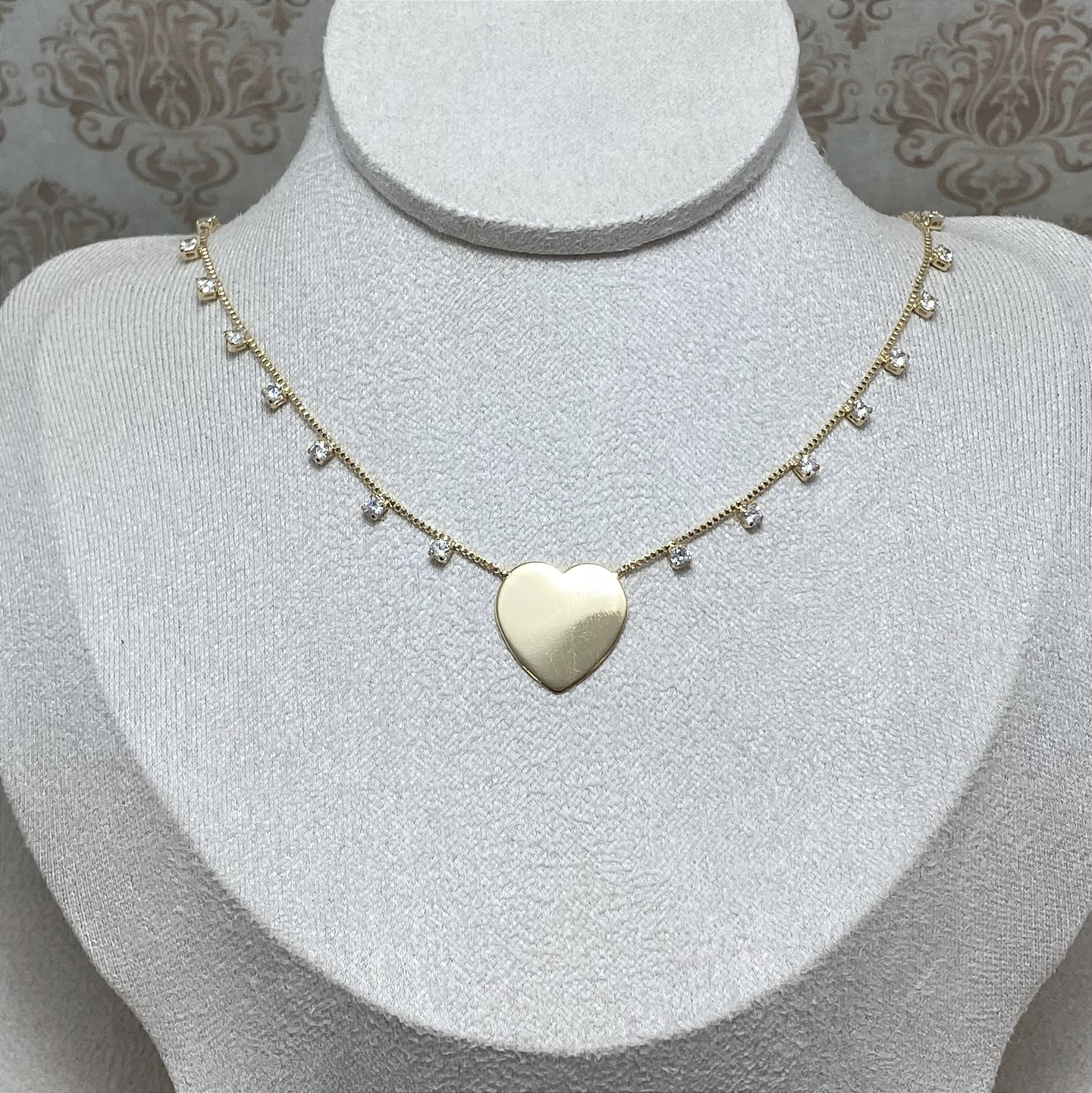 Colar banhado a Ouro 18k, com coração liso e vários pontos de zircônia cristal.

---

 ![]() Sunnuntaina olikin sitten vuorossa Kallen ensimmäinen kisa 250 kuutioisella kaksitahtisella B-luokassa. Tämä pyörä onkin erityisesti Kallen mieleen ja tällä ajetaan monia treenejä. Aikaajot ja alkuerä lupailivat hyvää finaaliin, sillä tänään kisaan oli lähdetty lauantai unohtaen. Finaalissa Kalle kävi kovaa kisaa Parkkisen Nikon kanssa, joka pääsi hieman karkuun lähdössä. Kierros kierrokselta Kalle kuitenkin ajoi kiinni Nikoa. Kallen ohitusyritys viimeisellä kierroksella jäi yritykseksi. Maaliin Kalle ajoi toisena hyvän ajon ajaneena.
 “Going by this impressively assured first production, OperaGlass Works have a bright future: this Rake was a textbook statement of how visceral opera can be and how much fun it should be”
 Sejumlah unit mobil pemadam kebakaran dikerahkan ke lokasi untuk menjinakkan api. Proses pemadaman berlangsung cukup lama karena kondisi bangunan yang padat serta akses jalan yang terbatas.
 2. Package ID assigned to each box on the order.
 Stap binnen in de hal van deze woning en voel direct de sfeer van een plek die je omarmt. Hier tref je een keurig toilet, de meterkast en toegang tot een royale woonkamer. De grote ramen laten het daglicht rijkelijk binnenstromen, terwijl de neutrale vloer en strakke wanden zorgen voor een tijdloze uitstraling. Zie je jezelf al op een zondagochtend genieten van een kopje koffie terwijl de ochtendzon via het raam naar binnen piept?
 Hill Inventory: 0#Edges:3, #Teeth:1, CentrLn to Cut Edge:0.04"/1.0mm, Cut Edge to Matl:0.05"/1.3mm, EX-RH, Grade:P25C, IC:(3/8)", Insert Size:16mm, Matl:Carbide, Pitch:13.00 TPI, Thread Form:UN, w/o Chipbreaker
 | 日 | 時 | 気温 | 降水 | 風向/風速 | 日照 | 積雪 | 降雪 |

* WHAT THE EXERCISE ASKS: Restate word for word the entries above from the line with "Stap binnen in" through the line with "日照 | 積雪 | 降雪 |", inclusive, leaving out everything else.

* ANSWER BELOW:
 Stap binnen in de hal van deze woning en voel direct de sfeer van een plek die je omarmt. Hier tref je een keurig toilet, de meterkast en toegang tot een royale woonkamer. De grote ramen laten het daglicht rijkelijk binnenstromen, terwijl de neutrale vloer en strakke wanden zorgen voor een tijdloze uitstraling. Zie je jezelf al op een zondagochtend genieten van een kopje koffie terwijl de ochtendzon via het raam naar binnen piept?
 Hill Inventory: 0#Edges:3, #Teeth:1, CentrLn to Cut Edge:0.04"/1.0mm, Cut Edge to Matl:0.05"/1.3mm, EX-RH, Grade:P25C, IC:(3/8)", Insert Size:16mm, Matl:Carbide, Pitch:13.00 TPI, Thread Form:UN, w/o Chipbreaker
 | 日 | 時 | 気温 | 降水 | 風向/風速 | 日照 | 積雪 | 降雪 |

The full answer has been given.